CPUs with addressable GPR files, address of register variables, and aliasing between memory and registers

Question

Background

Some CPUs, such as the Atmel AVR, have a general purpose register file that is also addressable as part of main memory -- see Figure 7-2 in section 7.4 and the paragraph after the figure.

What was WG14 thinking?

Given this, why did the C committee choose to make

register int ri;
int* pi = &ri;

universally ill-formed, as per footnote 101 to N1124 section 6.7.1? Wouldn't undefined or implementation-defined behavior make more sense, considering that the code above is meaningful on at least one processor, and C bends over backwards to accommodate far stranger (and scarcer!) targets than the AVR?

101) The implementation may treat any register declaration simply as an auto declaration. However, whether or not addressable storage is actually used, the address of any part of an object declared with storage-class specifier register cannot be computed, either explicitly (by use of the unary & operator as discussed in 6.5.3.2) or implicitly (by converting an array name to a pointer as discussed in 6.3.2.1). Thus, the only operator that can be applied to an array declared with storage-class specifier register is sizeof.

I just changed a CPU register through a pointer. Wat?!

Furthermore, using the GCC explicit register variables extension, it is possible to direct the compiler to place a variable into a specific register. In this case, you can get a pointer that aliases with a register variable, as below:

register int ri asm("r15") = 0;
int* pi = (int*)0x15;
/* pi now aliases ri */
*pi = 42;
/* ri is 42 now */
assert(ri == 42);

How does GCC deal with such a case? It strikes me as truly bizarre that something like this has not been considered...or has it?

Answer 1

C is an abstract language defined without knowledge of the machine that will eventually implement it. The definition of C does not assume that the underlying machine will even have registers in the conventional form (or a stack, or contiguous memory, or many other things irrelevant to this question that are present on real machines).

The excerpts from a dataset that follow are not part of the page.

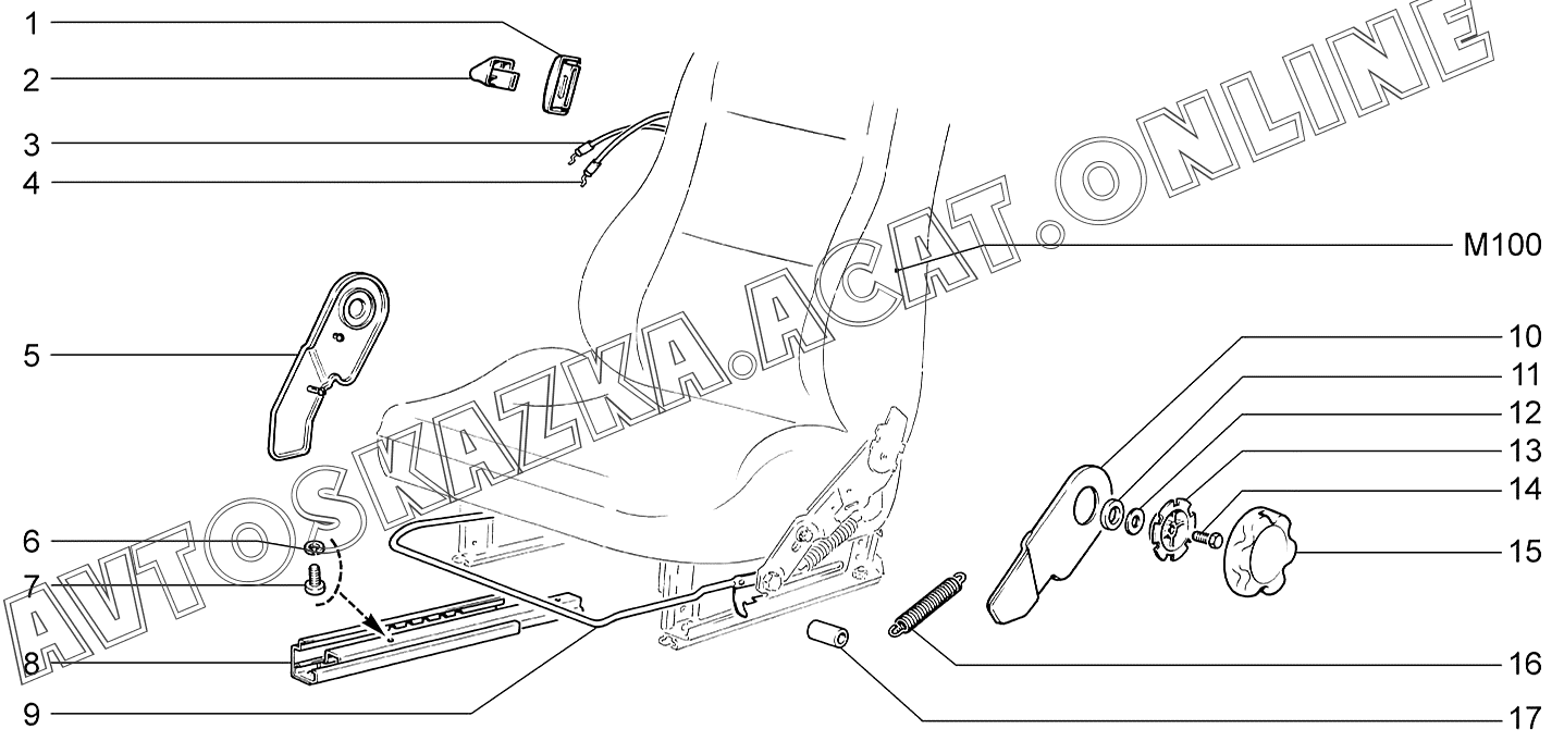 | Название детали: | Салазки переднего сиденья левые |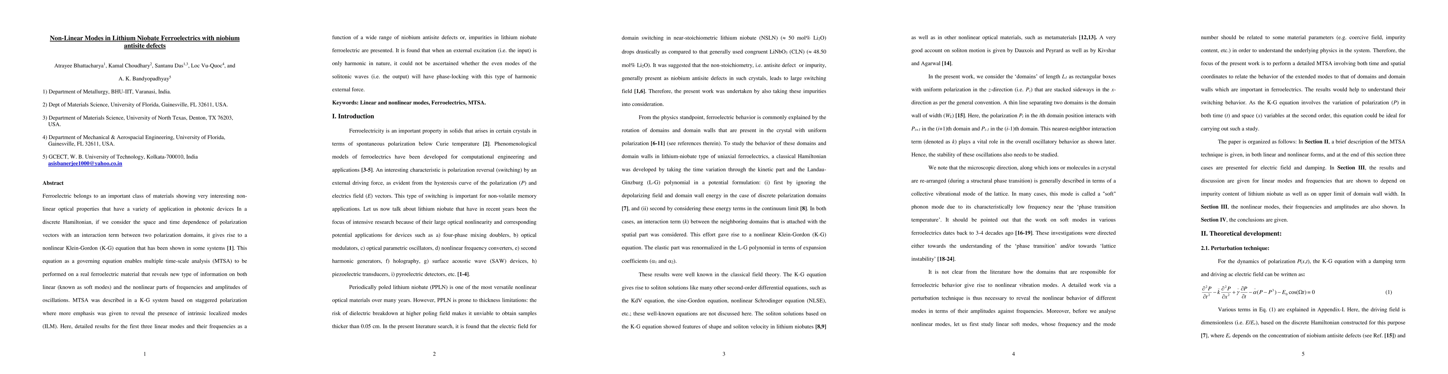 Ferroelectric belongs to an important class of materials showing very interesting nonlinear optical properties that have a variety of application in photonic devices In a discrete Hamiltonian, if we consider the space and time dependence of polarization vectors with an interaction term between two polarization domains, it gives rise to a nonlinear Klein-Gordon (K-G) equation that has been shown in some systems [1]. This equation as a governing equation enables multiple time-scale analysis (MTSA) to be performed on a real ferroelectric material that reveals new type of information on both linear (known as soft modes) and the nonlinear parts of frequencies and amplitudes of oscillations. MTSA was described in a K-G system based on staggered polarization where more emphasis was given to reveal the presence of intrinsic localized modes (ILM). Here, detailed results for the first three linear modes and their frequencies as a 2 function of a wide range of niobium antisite defects or, impurities in lithium niobate ferroelectric are presented. It is found that when an external excitation (i.e. the input) is only harmonic in nature, it could not be ascertained whether the even modes of the solitonic waves (i.e. the output) will have phase-locking with this type of harmonic external force.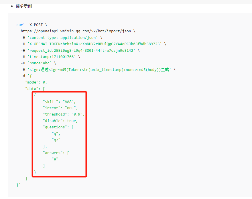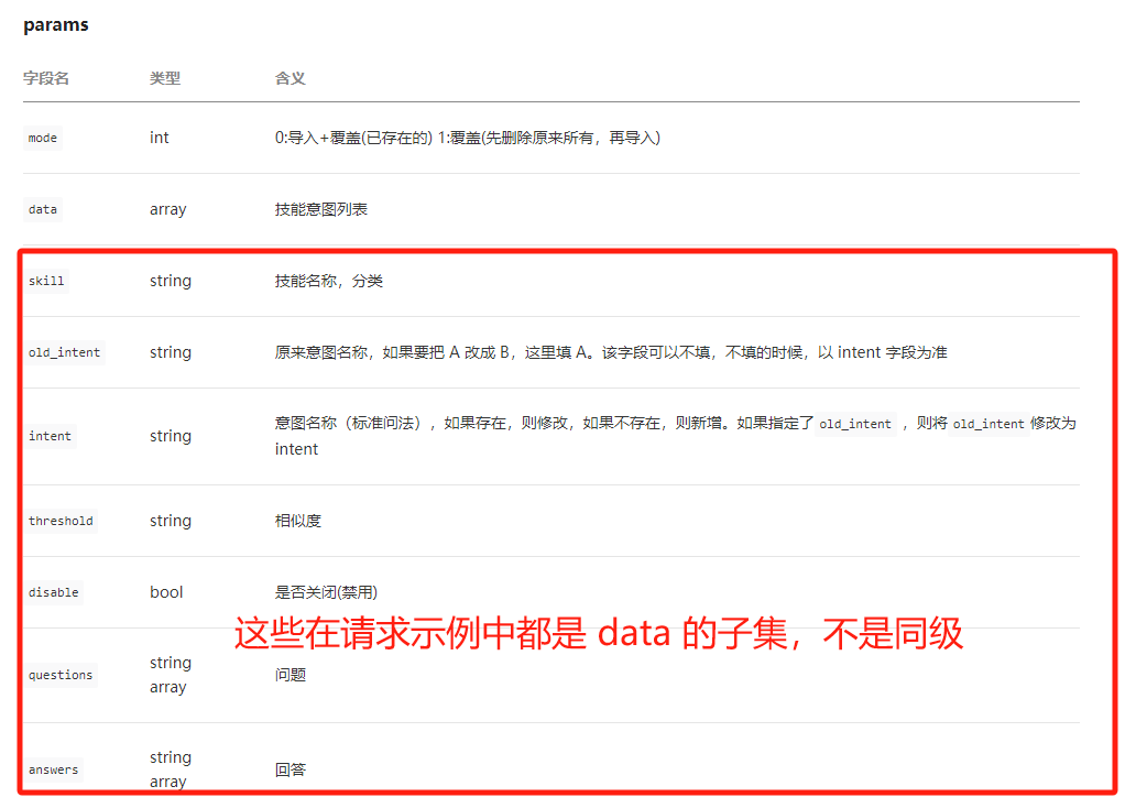 另外文档中的请求参数和请求示例中的结构不一致。如下图,请求参数中的 skill、intent 等和 data 都是同级,但示例中都是 data 的子集。这里是不是应该写成 data.skill,data.intent,避免误解?
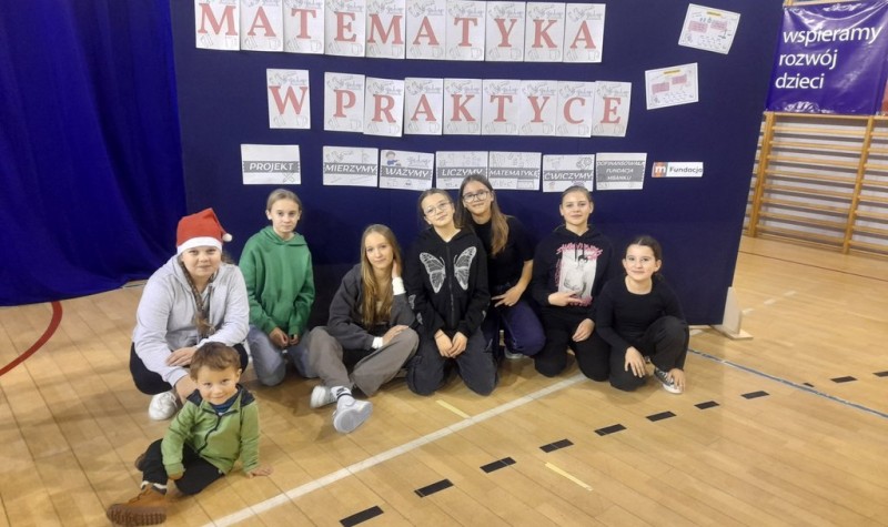 Natomiast 11 grudnia odbyło się popołudniowe spotkanie pod tytułem “Matematyka w praktyce”, które również zostało zorganizowane w ramach realizacji projektu. Na spotkanie zostali zaproszeni wszyscy uczniowie szkoły wraz z rodzicami. Każdy uczestnik spotkania miał do wykonania zadania z karty pracy. Uczniowie musieli zmierzyć między innymi swój wzrost, długość swojej stopy czy długość sali gimnastycznej, sprawdzali także wagę swojego buta, wody oraz plecaka. Każdy wymiar musieli zapisać w dwóch wybranych przez siebie jednostkach. Następnie uczestnicy spotkania udali się do sal lekcyjnych, aby stworzyć ich plany w skali 1:20. Uczniowie wraz z rodzicami musieli wymierzyć ławki, tablice, szafy oraz w pomniejszeniu narysować je na otrzymanych kartkach.
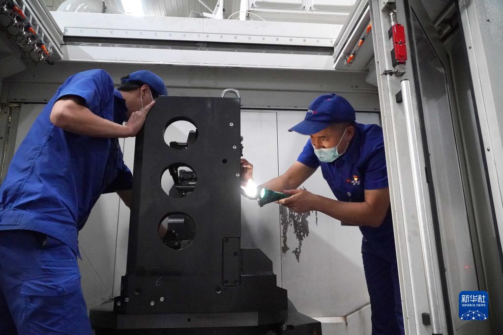 在山东省潍坊市,潍柴集团的工作人员在一条新的生产线上安装调试设备(9月19日摄)。新华社记者 徐速绘 摄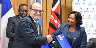 French Development Agency (AFD) Director General Rémy Rioux, Treasury CS Henry Rotich (back left), and KenGen Managing Director Rebecca Miano (2R) during the signing of a series of credit facility agreements between AFD, the Kenyan government and KenGen. PHOTO | DIANA NGILA | NMG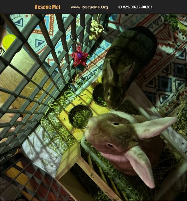 Two bonded female spayed Mini Rex(Brown) and Mini Rex/Holland Lop mix (Orange and white). The brown bun is Artemis and the other is Butterscotch. They share the same mother. They have been inside for the past 6 months but have lived outside before that.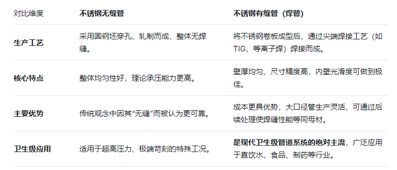要做出正确选择,首先需要明白,“卫生级”是一个关于材质纯净度、表面光洁度和工艺卫生的标准,而非指管道成型工艺。 符合标准的不锈钢管,既可以是无缝管,也可以是有缝管(即焊管),二者在性能和应用上各有侧重。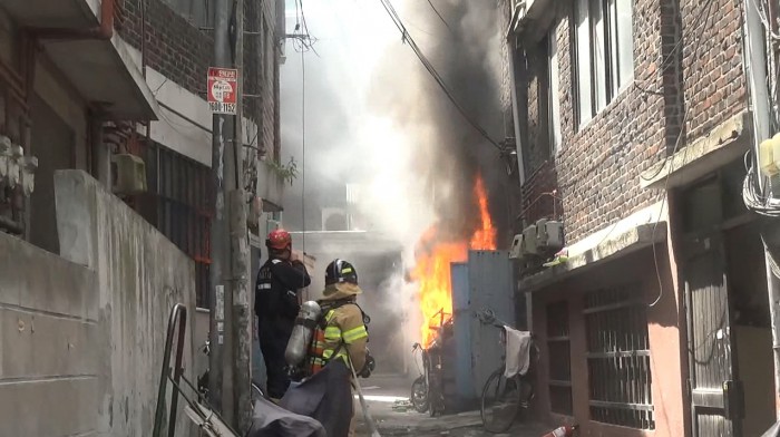 (서울=포커스뉴스) 7일 오후 1시27분쯤 서울 영등포구 신길동 한 주택가 쓰레기더미에서 불이 나 10분 만에 꺼졌다.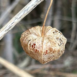地元散策で素敵なホオズキを見つけました。 中にまだ赤い実が入っています。 ホオズキは6〜7月に白色〜淡黄色の花を咲かせ、花後に萼が大きく膨らみ、中に赤い果実が入り、お盆には欠かせないホオズキです。 袋の内側の実にはたくさんの種子が詰まっているので、鳥や虫などに食べられないように、萼を広げ保護しているそうです。 刈られずにここで冬を越したようです。 袋をよく観察すると、筋状や網目状に通る筋があるのですが、これは葉脈で、まわりの葉肉よりも強くて腐りにくく出来てるそうです。 自然のなせる技で素敵なデザインのホオズキとなりました。 出逢えて嬉しいです🤗💕

The point being that register does not mean that the variable should be assigned a machine register. The meaning of the keyword is that the variable cannot have its address taken; the compiler is then theoretically able to perform better optimisations on it because it reduces the number of paths through which the variable can potentially be modified. Taking the address of a register variable isn't meaningful in C, regardless of what processor it runs on, because register is an incredibly badly-named keyword (named for the most obvious optimisation it enables) that specifically means the address should not be taken. That is all it means.

An intelligent compiler for the AVR should be able to make that optimisation without needing you to hint at it, anyway (in practice the keyword is useless precisely because any halfdecent compiler can detect when it would be applicable anyway, since there's basically no well-defined way to reference an auto object without taking its address explicitly).